1) A developer appears to be manipulating reviews in direct violating of his
developer agreement.

2) Apple attempts to reach out to developer, but receives no response.

3) Apple suspends account, and any linked accounts.

4) Said developer cries foul, lies through his teeth about having nothing to
do with these reviews, accuses Apple of unfair treatment, and succeeds in
getting major news outlets to pick up his story.

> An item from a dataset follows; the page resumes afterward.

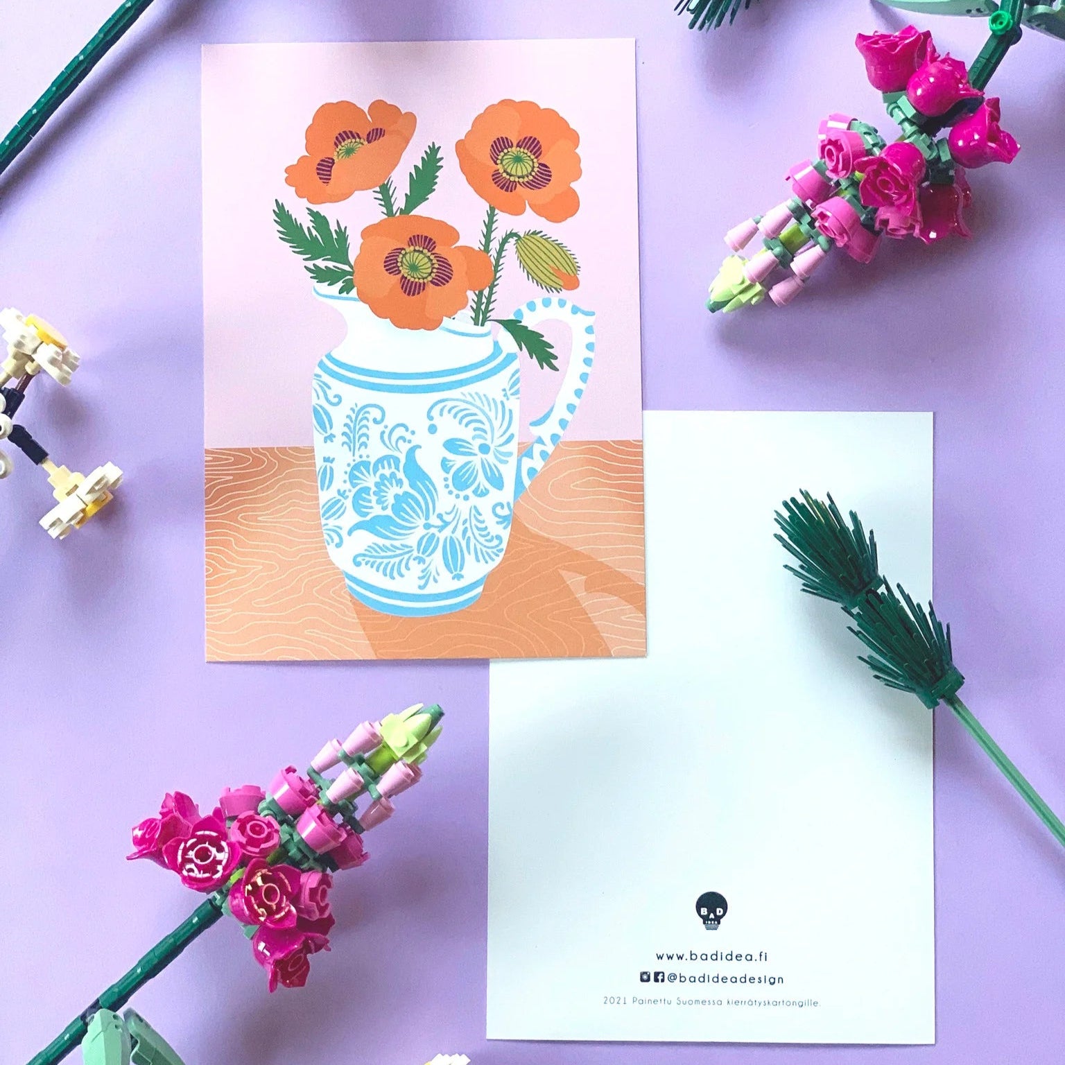 Niihin elämän hetkiin, kun kaipailet joko ihan vain kaunista kotimaista herkkukorttia tai sitä asteen hauskempaa korttia, joko kehystettynä kastelemaan oman kodin huumorinkukkaa tai annettavaksi sille ystävälle tai läheiselle, jonka kohdalla mikään ei jää ainakaan huumorintajusta kiinni!
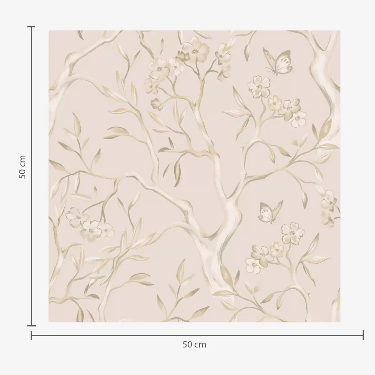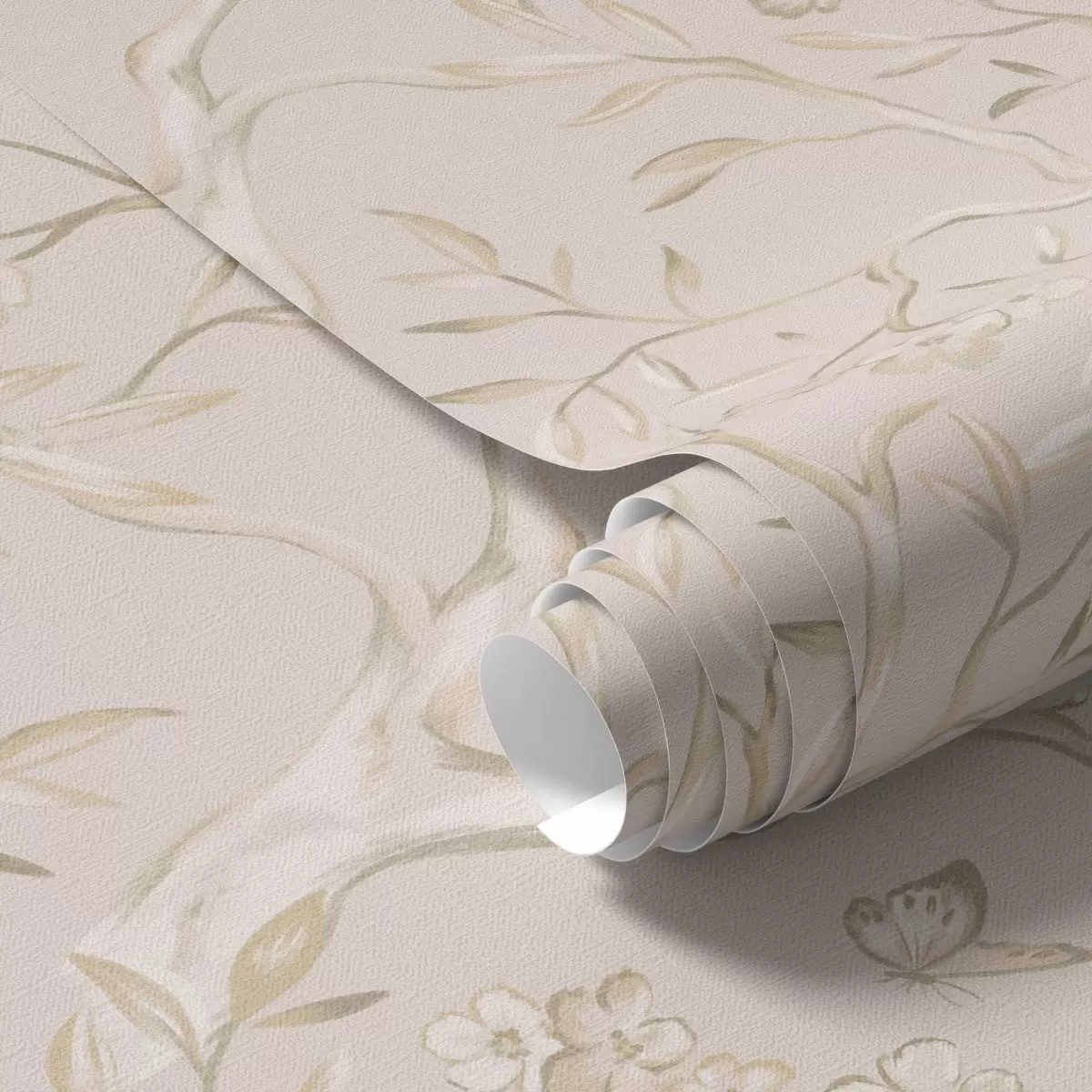 Papel pintado Ramas con flores de color beige y mariposas sobre un fondo suave. Nr. a00951v2

5) Apple's reputation is unjustly damaged due to the one-sided media
attention.

6) Apple reaches out to developer directly, gives him a reasonable way out:
Admit that Apple's actions were justified based on their best available
knowledge, and further that they are willing to correct the situation and
assist the developer with preventing it in the future. This protects the
interests of both parties. Apple is vindicated. Developer is vindicated. Bad
press goes away.

7) In the process of carrying out this agreement, Apple discovers said
developer was lying to them. He was indeed guilty of exactly what Apple
accused him of. The linked account contained his own products, as proven by
archives of his website. Apple makes the ban permanent.

Now, if Apple had done what you suggest, this would be tantamount to saying,
"Yep, that bad press was right. We screwed up. Sorry." This damages Apple's
reputation, making developers wary of distributing products on the App Store.
This has a financial impact on Apple. If I were still an Apple shareholder, I
would expect my interests be protected in exactly the manner they were.

Whether one agrees with the walled garden of the App Store is not relevant to
the facts of the case. Enforceable legal contracts between two parties is a
key pillar of modern civilization. The parties in a contract must weigh their
risks-rewards, and judge accordingly.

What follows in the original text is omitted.